Yeah, we realized keeping you in a cage wasn't beneficial to us
just heard a swedish guy suck in helium and speak in his accent. top 5 favorite moments. ever.
You're having sex and i just smoked and made oatmeal...i'll give you some time to be jealous
If you dedicate your next bite to me, I'll dedicate my first orgasm to you.
They only remember me when they're drunk...I'm like a suppressed memory.
Restaurants Roasting People Who Gave Them Negative Yelp Reviews (25 Pics)
They really brought out their best strippers for vday weekend
They told you that you couldn't fit in the dryer. Man, did they eat their words. You did brake the door though.
I want you to come over here and spit coffee in my mouth like a momma bird feeding a baby bird. That hung over.
Siri makes being stoned even easier. I don't even Have to type my texts myself
Though I typed a half of that one
No later than 4:00 ok - I'm tying my viagra high into a superbowl halftime showstopper. Ya, you might wanna look away for that
Woman Posts Harassing DMs From Creep Online, Now He’s Upset Because People Told His Mom
Did u smell a guys dreadlocks in the McDonald's drive thru line last night or did I dream that?

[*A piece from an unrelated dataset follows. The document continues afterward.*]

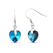 925 Sterling Sliver Blue Crystal Heart Earrings, Bermuda Blue Crystal Earrings, Daily wear Earrings

Thanks for launching me off you reverse cowgirl. I think I chipped a tooth.
I need to stop agreeing to hang out with people when I'm drunk.
The smoothie place is closed, but the liquor store is open and wine is kinda like a smoothie.
Since moving to the suburbs, all I do is fuck my ex and watch cartoons. It's not so bad.
Are you coming over for scrambled eggs and hand jobs?